Your task >> Each line in the data must be reproduced as written, except for any picture.

Entries taken from a collection:
********

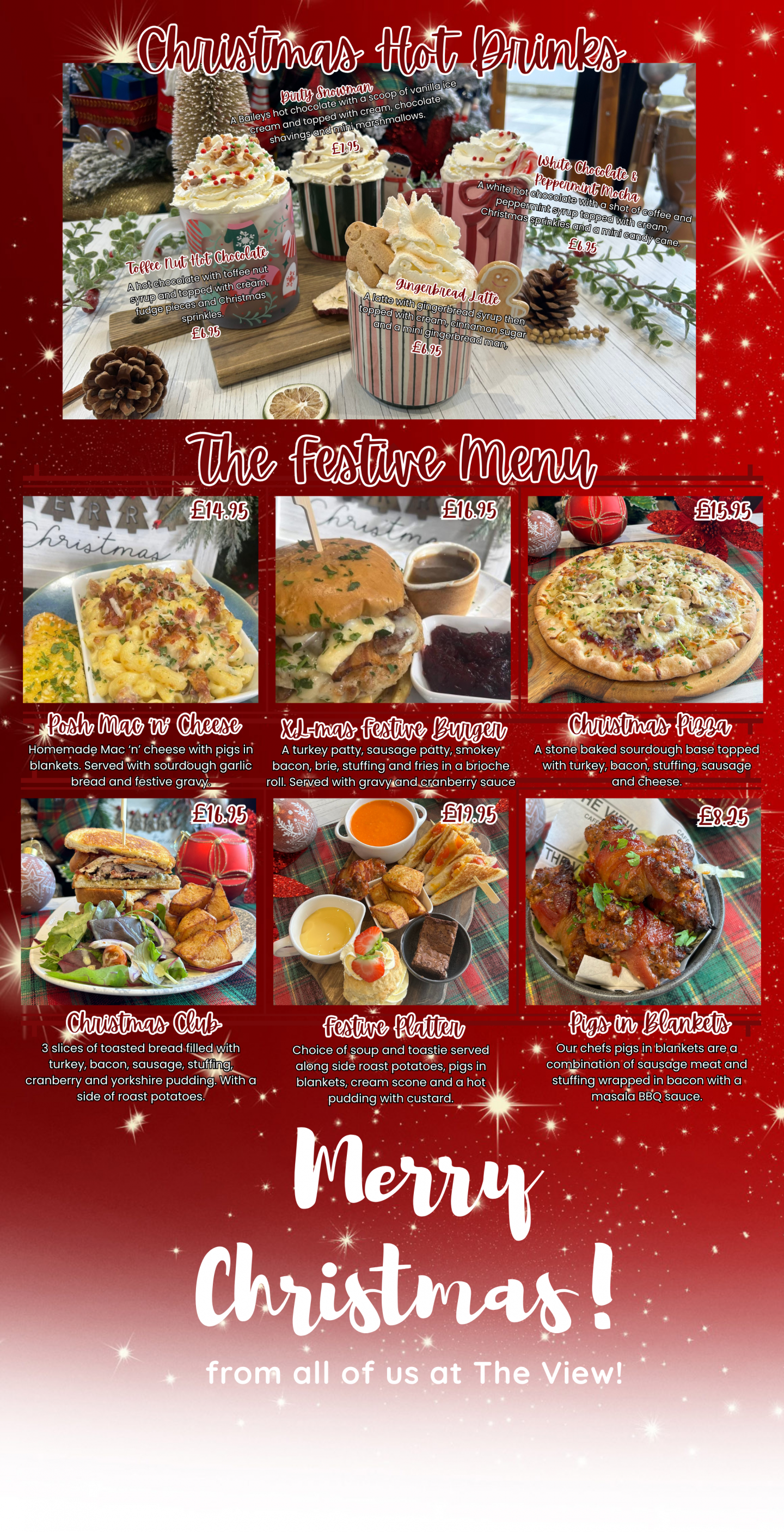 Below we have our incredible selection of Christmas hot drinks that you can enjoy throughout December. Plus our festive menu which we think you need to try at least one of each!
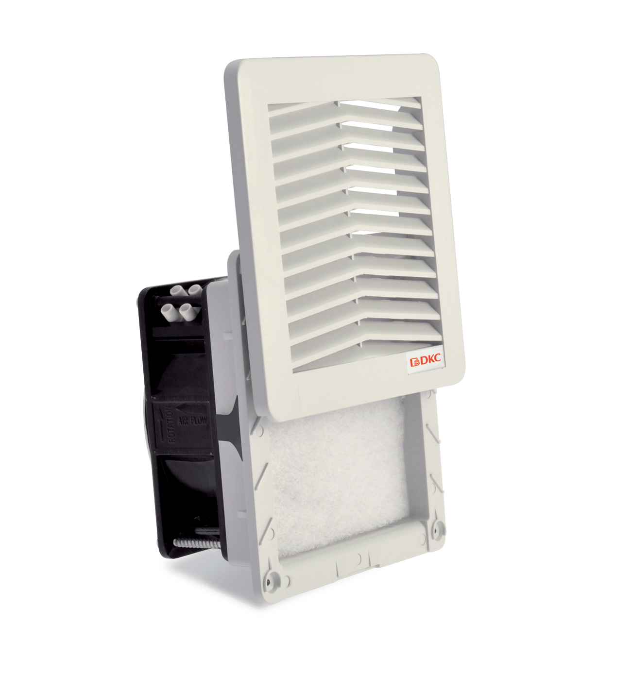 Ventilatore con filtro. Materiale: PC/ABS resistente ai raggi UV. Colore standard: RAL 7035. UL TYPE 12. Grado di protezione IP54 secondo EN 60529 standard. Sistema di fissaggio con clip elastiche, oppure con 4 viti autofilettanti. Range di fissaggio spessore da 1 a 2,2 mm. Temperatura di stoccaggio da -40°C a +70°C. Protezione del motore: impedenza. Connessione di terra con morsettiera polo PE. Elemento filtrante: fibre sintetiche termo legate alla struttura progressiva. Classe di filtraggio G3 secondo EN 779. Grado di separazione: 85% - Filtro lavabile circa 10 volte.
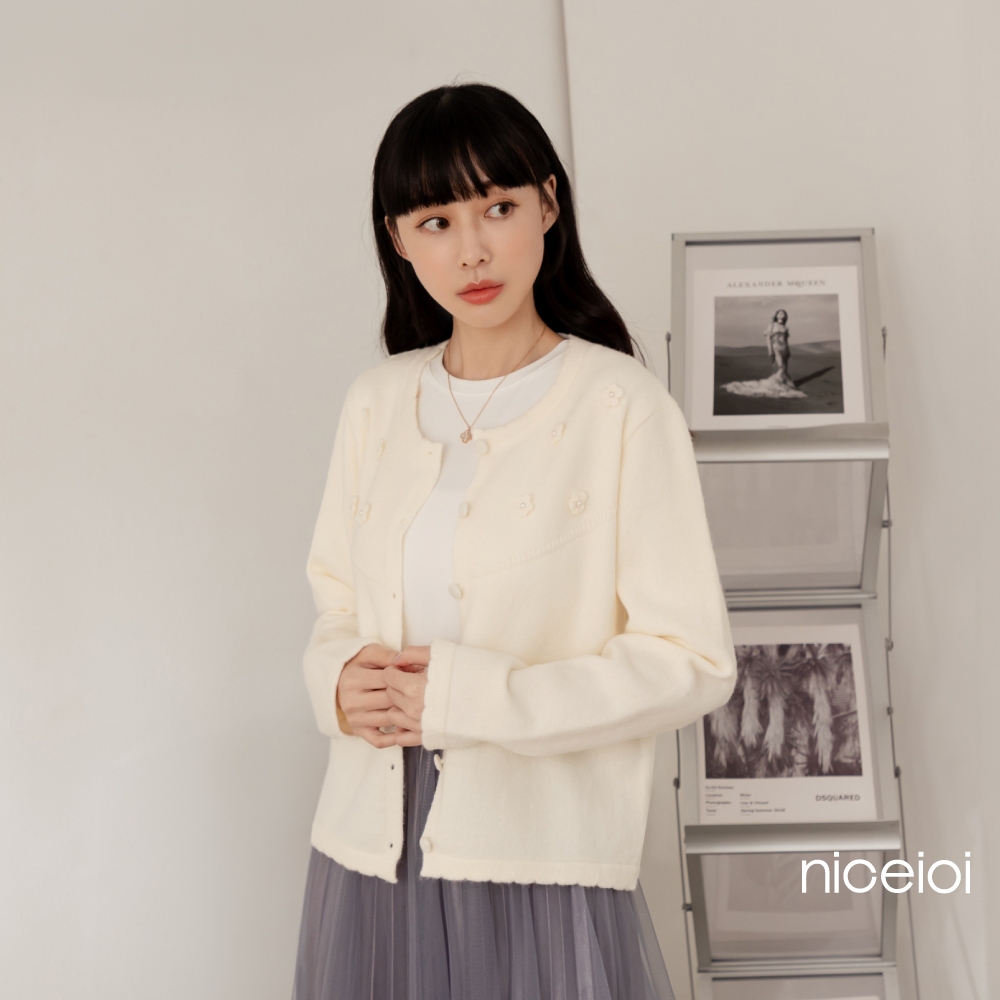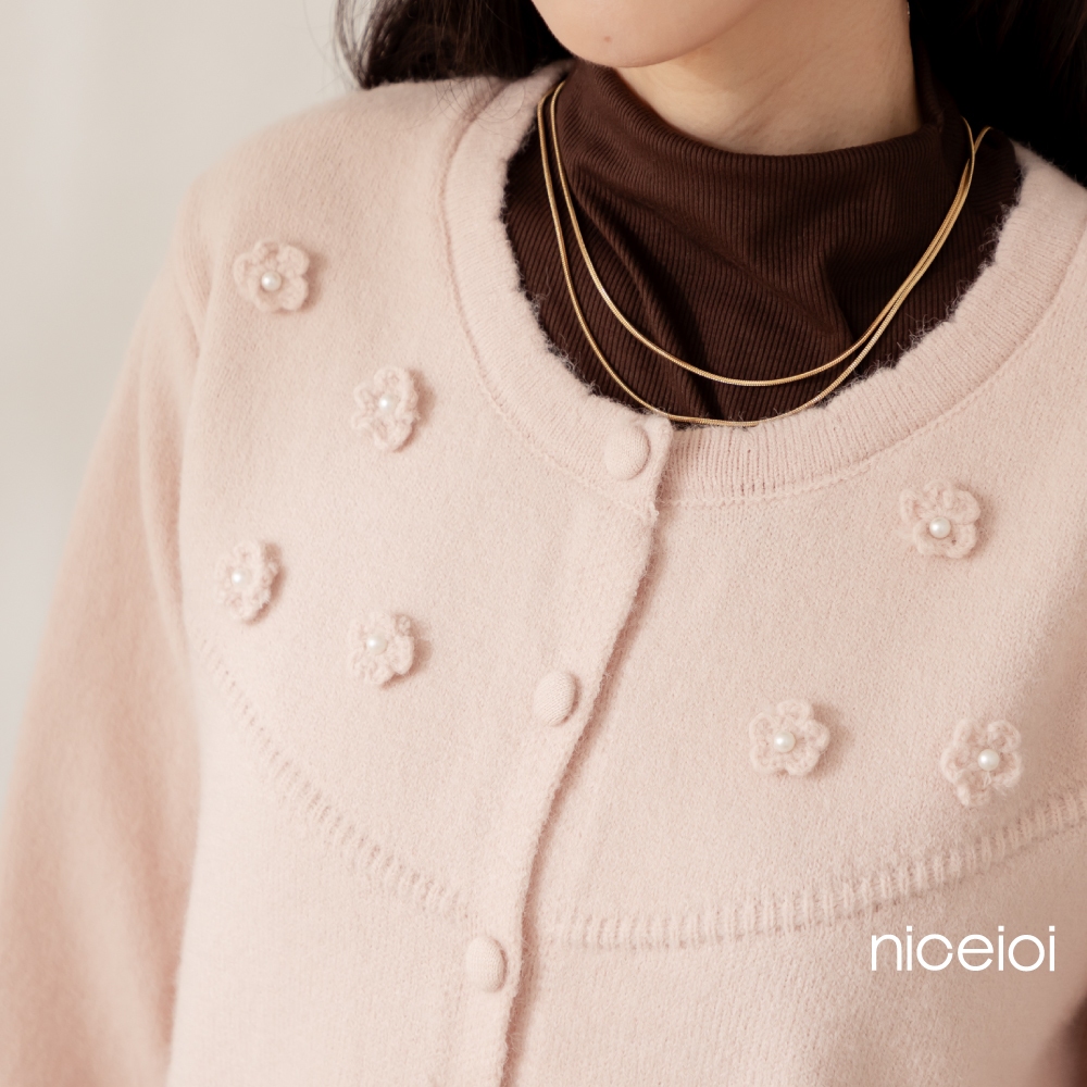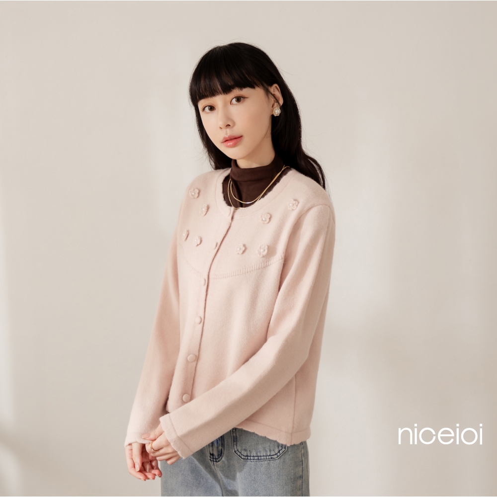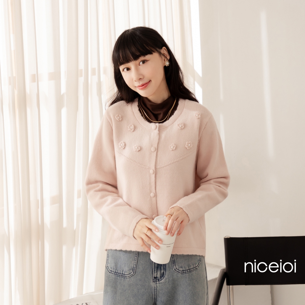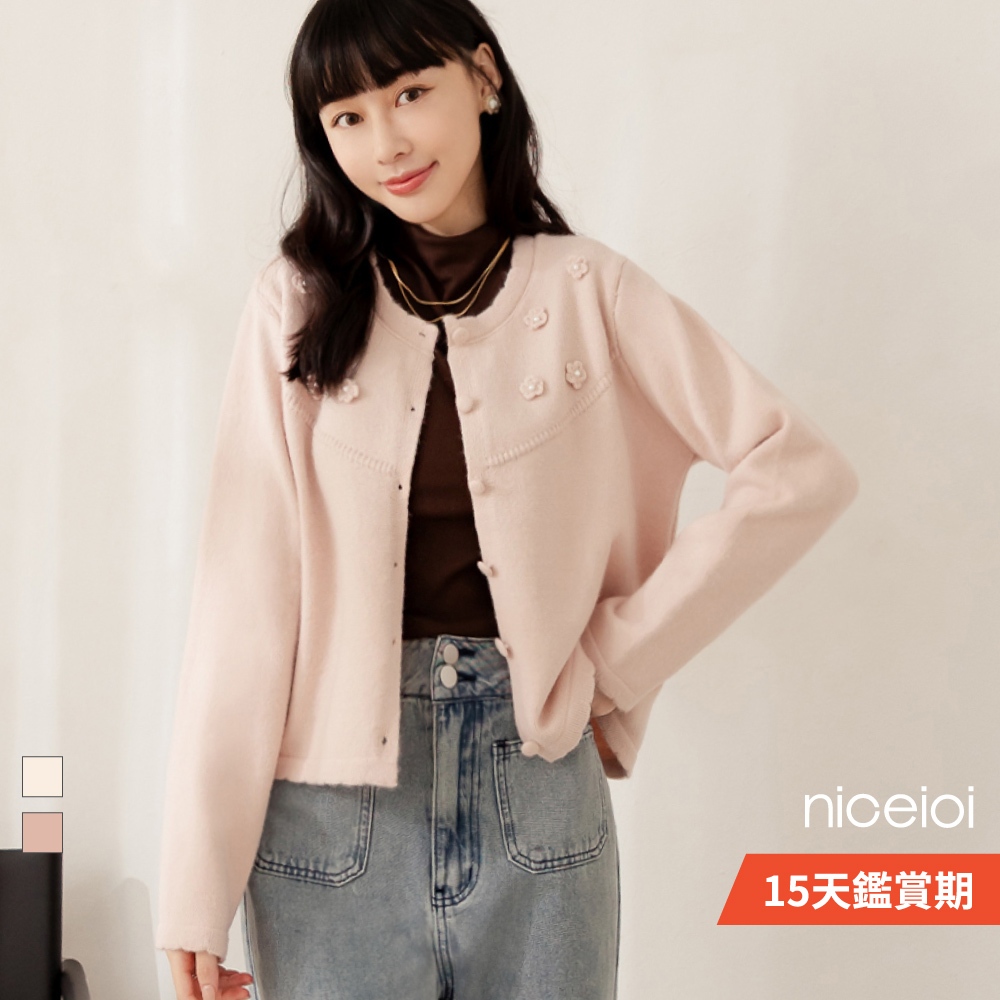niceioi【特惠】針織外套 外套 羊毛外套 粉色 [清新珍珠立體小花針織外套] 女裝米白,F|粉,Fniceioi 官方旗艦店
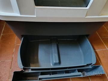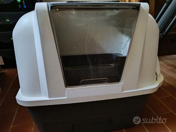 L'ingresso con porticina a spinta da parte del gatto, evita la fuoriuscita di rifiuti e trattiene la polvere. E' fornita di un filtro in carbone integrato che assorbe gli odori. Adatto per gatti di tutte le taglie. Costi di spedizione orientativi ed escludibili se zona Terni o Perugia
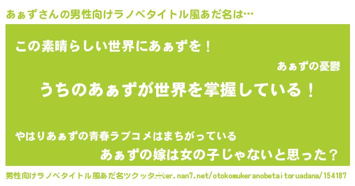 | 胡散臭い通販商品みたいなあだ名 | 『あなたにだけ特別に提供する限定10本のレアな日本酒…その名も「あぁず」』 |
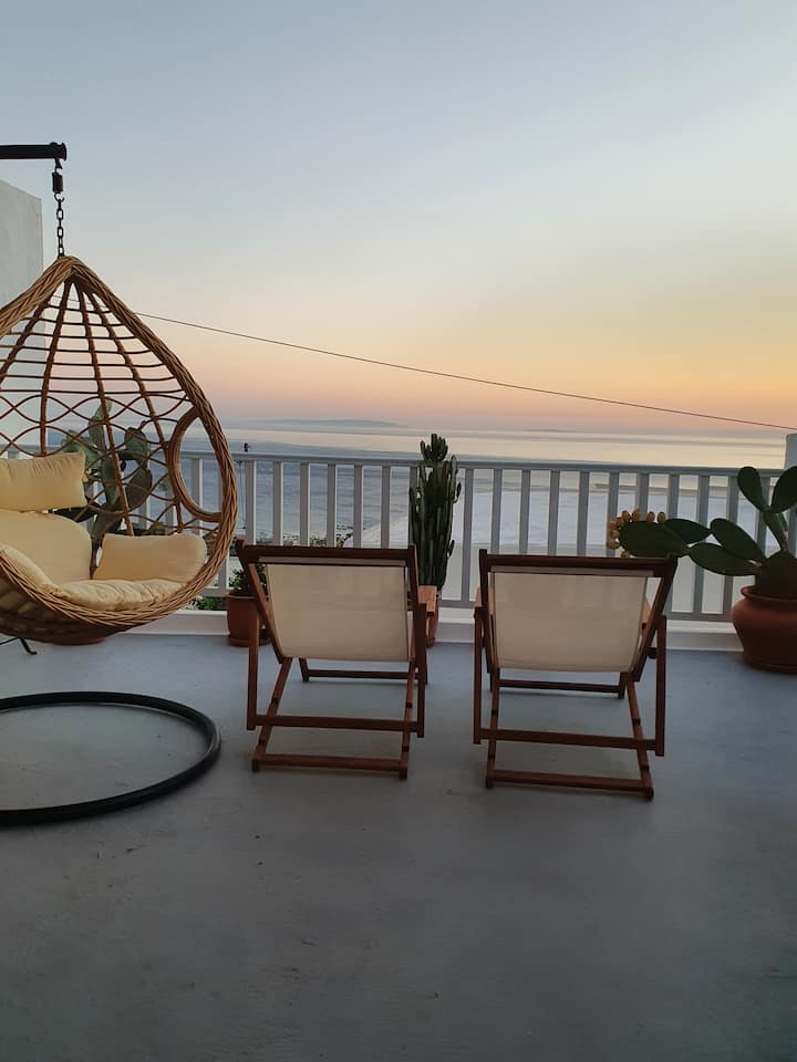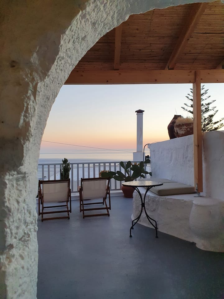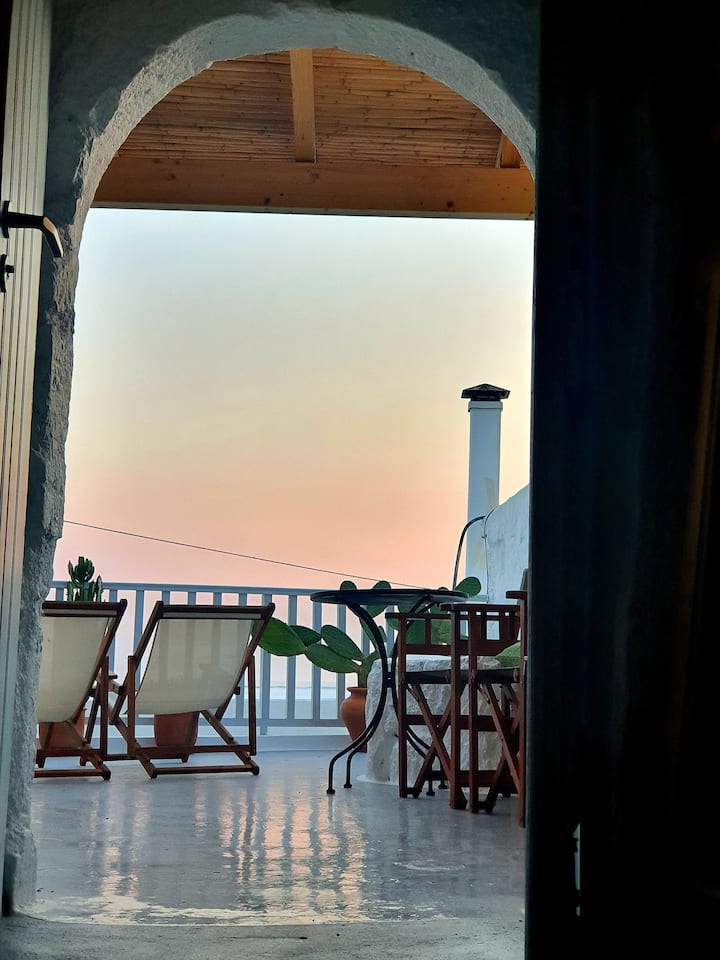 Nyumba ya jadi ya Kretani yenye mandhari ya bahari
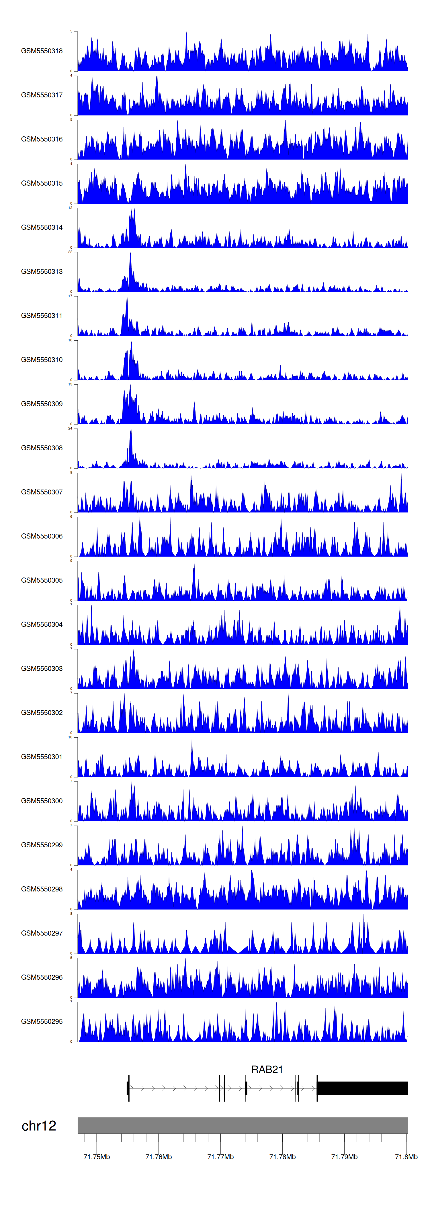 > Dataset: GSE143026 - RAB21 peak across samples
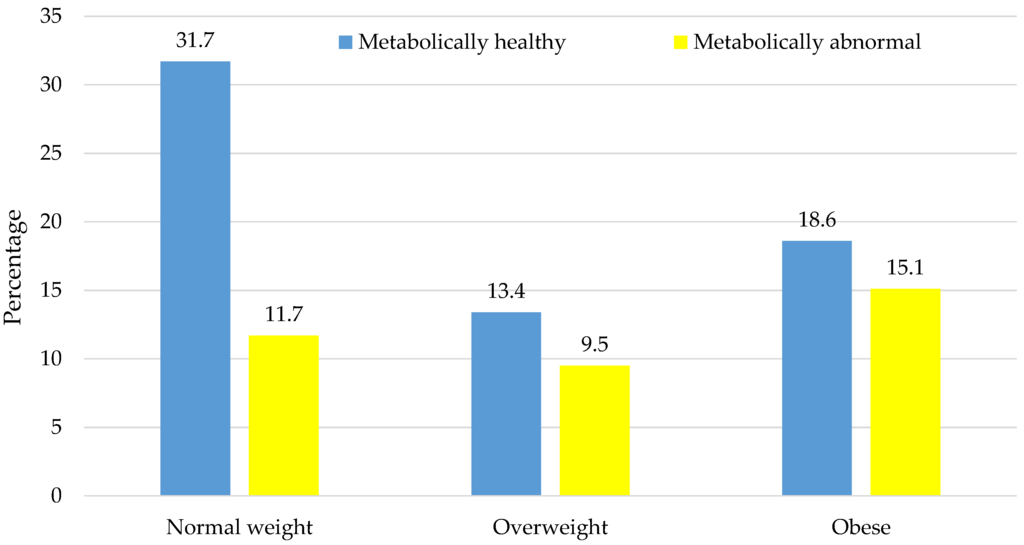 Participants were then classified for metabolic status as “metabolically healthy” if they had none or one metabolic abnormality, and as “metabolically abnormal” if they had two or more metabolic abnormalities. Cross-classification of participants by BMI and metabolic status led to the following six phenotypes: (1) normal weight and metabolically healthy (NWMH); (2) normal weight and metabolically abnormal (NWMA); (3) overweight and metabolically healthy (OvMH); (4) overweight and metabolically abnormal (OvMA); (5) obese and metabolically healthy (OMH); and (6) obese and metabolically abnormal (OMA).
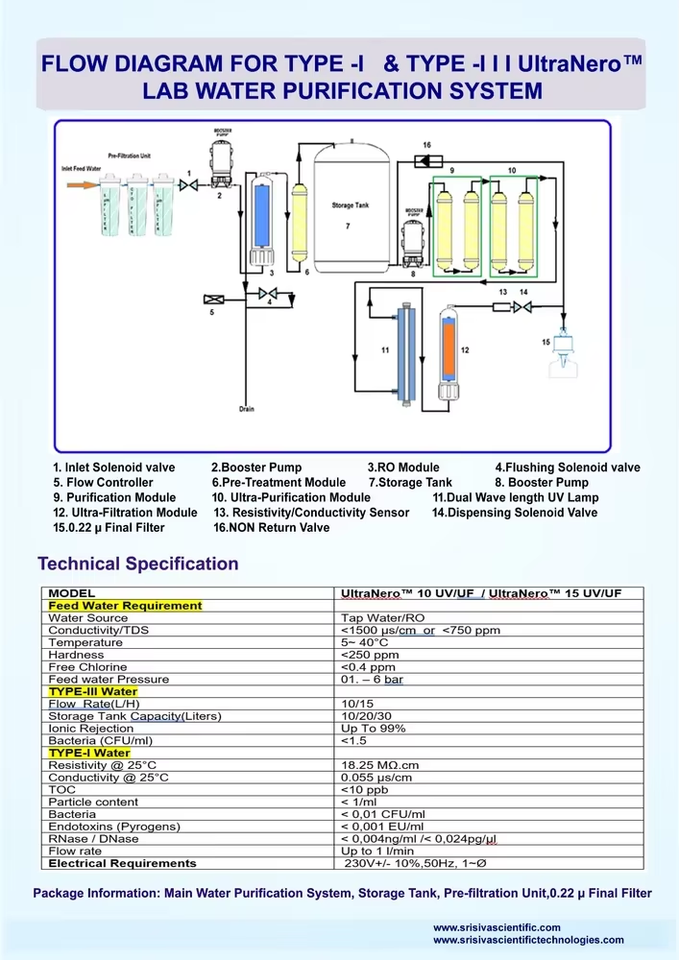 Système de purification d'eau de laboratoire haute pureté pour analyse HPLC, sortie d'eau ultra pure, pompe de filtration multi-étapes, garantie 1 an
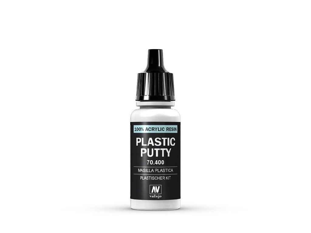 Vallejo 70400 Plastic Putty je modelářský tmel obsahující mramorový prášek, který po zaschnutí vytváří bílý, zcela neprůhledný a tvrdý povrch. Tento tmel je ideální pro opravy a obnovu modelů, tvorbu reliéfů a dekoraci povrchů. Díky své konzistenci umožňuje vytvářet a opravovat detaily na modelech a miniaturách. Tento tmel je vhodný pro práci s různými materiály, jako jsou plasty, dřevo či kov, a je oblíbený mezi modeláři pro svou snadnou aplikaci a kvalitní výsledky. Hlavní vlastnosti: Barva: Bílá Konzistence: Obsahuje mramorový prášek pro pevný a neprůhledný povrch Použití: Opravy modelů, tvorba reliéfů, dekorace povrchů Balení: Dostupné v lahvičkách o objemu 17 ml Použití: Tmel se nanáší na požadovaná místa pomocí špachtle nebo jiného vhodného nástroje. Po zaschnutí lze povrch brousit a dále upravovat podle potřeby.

********

Output of the exercise >>
 Below we have our incredible selection of Christmas hot drinks that you can enjoy throughout December. Plus our festive menu which we think you need to try at least one of each!
 Ventilatore con filtro. Materiale: PC/ABS resistente ai raggi UV. Colore standard: RAL 7035. UL TYPE 12. Grado di protezione IP54 secondo EN 60529 standard. Sistema di fissaggio con clip elastiche, oppure con 4 viti autofilettanti. Range di fissaggio spessore da 1 a 2,2 mm. Temperatura di stoccaggio da -40°C a +70°C. Protezione del motore: impedenza. Connessione di terra con morsettiera polo PE. Elemento filtrante: fibre sintetiche termo legate alla struttura progressiva. Classe di filtraggio G3 secondo EN 779. Grado di separazione: 85% - Filtro lavabile circa 10 volte.
niceioi【特惠】針織外套 外套 羊毛外套 粉色 [清新珍珠立體小花針織外套] 女裝米白,F|粉,Fniceioi 官方旗艦店
 L'ingresso con porticina a spinta da parte del gatto, evita la fuoriuscita di rifiuti e trattiene la polvere. E' fornita di un filtro in carbone integrato che assorbe gli odori. Adatto per gatti di tutte le taglie. Costi di spedizione orientativi ed escludibili se zona Terni o Perugia
 | 胡散臭い通販商品みたいなあだ名 | 『あなたにだけ特別に提供する限定10本のレアな日本酒…その名も「あぁず」』 |
 Nyumba ya jadi ya Kretani yenye mandhari ya bahari
 > Dataset: GSE143026 - RAB21 peak across samples
 Participants were then classified for metabolic status as “metabolically healthy” if they had none or one metabolic abnormality, and as “metabolically abnormal” if they had two or more metabolic abnormalities. Cross-classification of participants by BMI and metabolic status led to the following six phenotypes: (1) normal weight and metabolically healthy (NWMH); (2) normal weight and metabolically abnormal (NWMA); (3) overweight and metabolically healthy (OvMH); (4) overweight and metabolically abnormal (OvMA); (5) obese and metabolically healthy (OMH); and (6) obese and metabolically abnormal (OMA).
 Système de purification d'eau de laboratoire haute pureté pour analyse HPLC, sortie d'eau ultra pure, pompe de filtration multi-étapes, garantie 1 an
 Vallejo 70400 Plastic Putty je modelářský tmel obsahující mramorový prášek, který po zaschnutí vytváří bílý, zcela neprůhledný a tvrdý povrch. Tento tmel je ideální pro opravy a obnovu modelů, tvorbu reliéfů a dekoraci povrchů. Díky své konzistenci umožňuje vytvářet a opravovat detaily na modelech a miniaturách. Tento tmel je vhodný pro práci s různými materiály, jako jsou plasty, dřevo či kov, a je oblíbený mezi modeláři pro svou snadnou aplikaci a kvalitní výsledky. Hlavní vlastnosti: Barva: Bílá Konzistence: Obsahuje mramorový prášek pro pevný a neprůhledný povrch Použití: Opravy modelů, tvorba reliéfů, dekorace povrchů Balení: Dostupné v lahvičkách o objemu 17 ml Použití: Tmel se nanáší na požadovaná místa pomocí špachtle nebo jiného vhodného nástroje. Po zaschnutí lze povrch brousit a dále upravovat podle potřeby.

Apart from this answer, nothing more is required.